Angles ABC and DBE are vertical angles where m∠ABC = (5x + 5)° and m∠DBE = (6x − 3)°.
Part A: Solve for x. Show every step of your work. (2 points)
Part B: Are the vertical angles also complementary angles? Explain.
Part A:
Since angles ABC and DBE are vertical angles, they are congruent to each other.
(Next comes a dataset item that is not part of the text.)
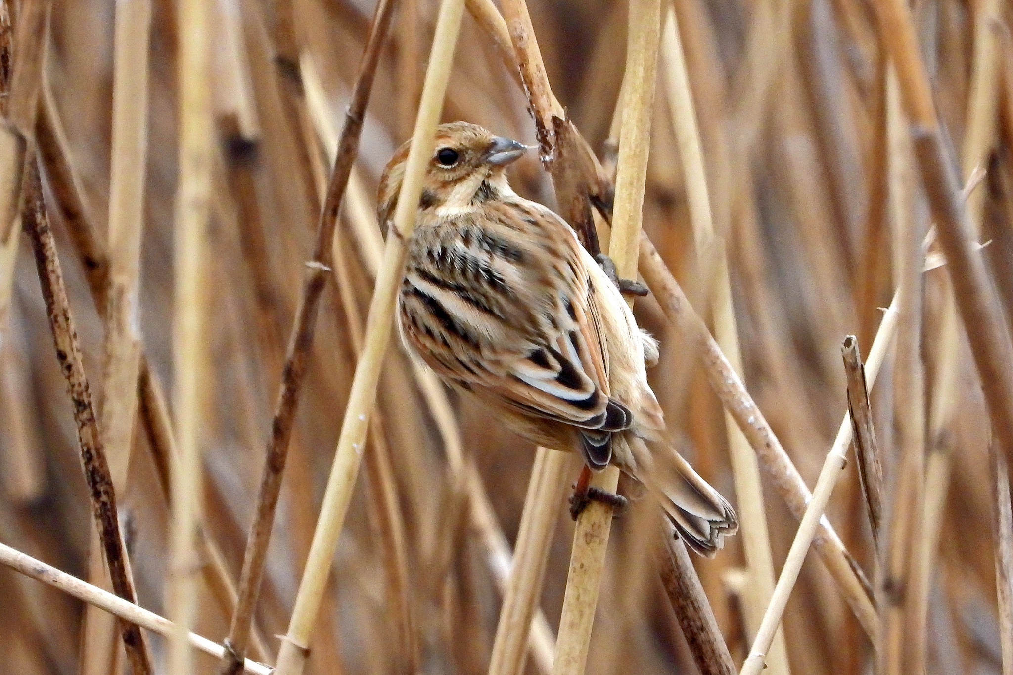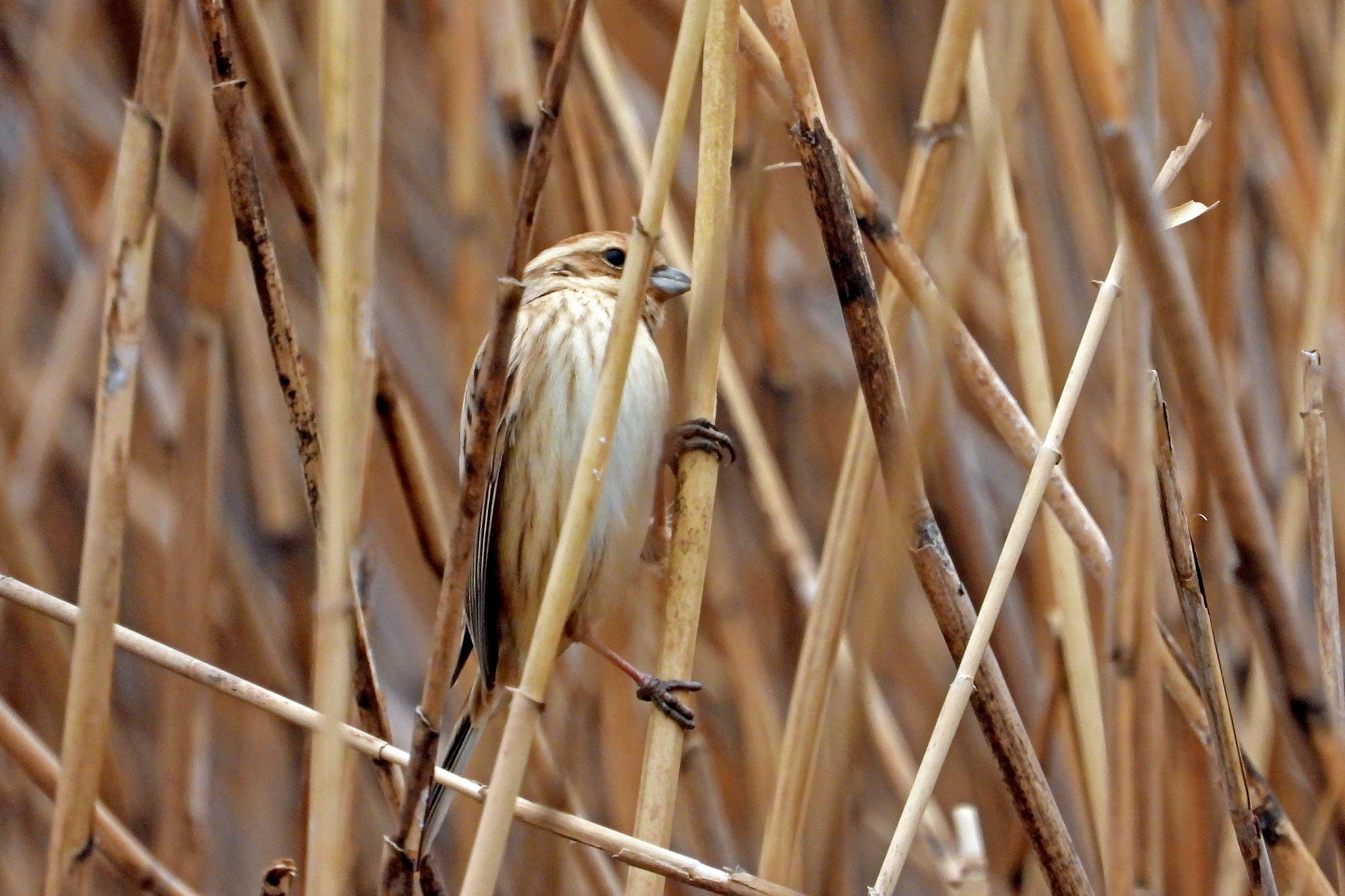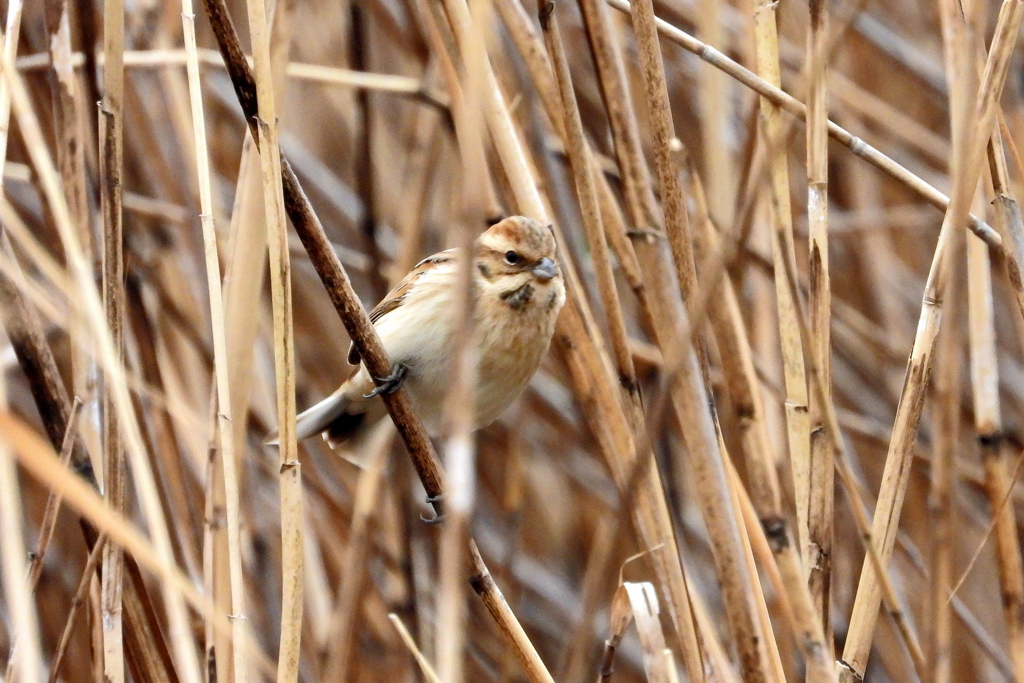 葦原の中をよーく見ると、居ますね「オオジュリン」。

We can set their measures equal to each other and solve for x.
m∠ABC = m∠DBE
5x + 5 = 6x - 3
To isolate the variable x, we can subtract 5x from both sides of the equation:
5x - 5x + 5 = 6x - 5x - 3
5 = x - 3
Next, we can add 3 to both sides of the equation to isolate x:
5 + 3 = x - 3 + 3
8 = x
Therefore, x = 8.
Part B:
Complementary angles are pairs of angles that add up to 90 degrees. To determine if angles ABC and DBE are complementary, we need to find their measures and check if their sum is 90 degrees.
m∠ABC = (5x + 5)°
Substituting x = 8:
m∠ABC = (5(8) + 5)°
m∠ABC = 40 + 5
m∠ABC = 45°
m∠DBE = (6x - 3)°
Substituting x = 8:
m∠DBE = (6(8) - 3)°
m∠DBE = 48 - 3
m∠DBE = 45°
The measures of angles ABC and DBE are both equal to 45 degrees. Therefore, the vertical angles ABC and DBE are congruent, but they are not complementary angles because their sum is not 90 degrees.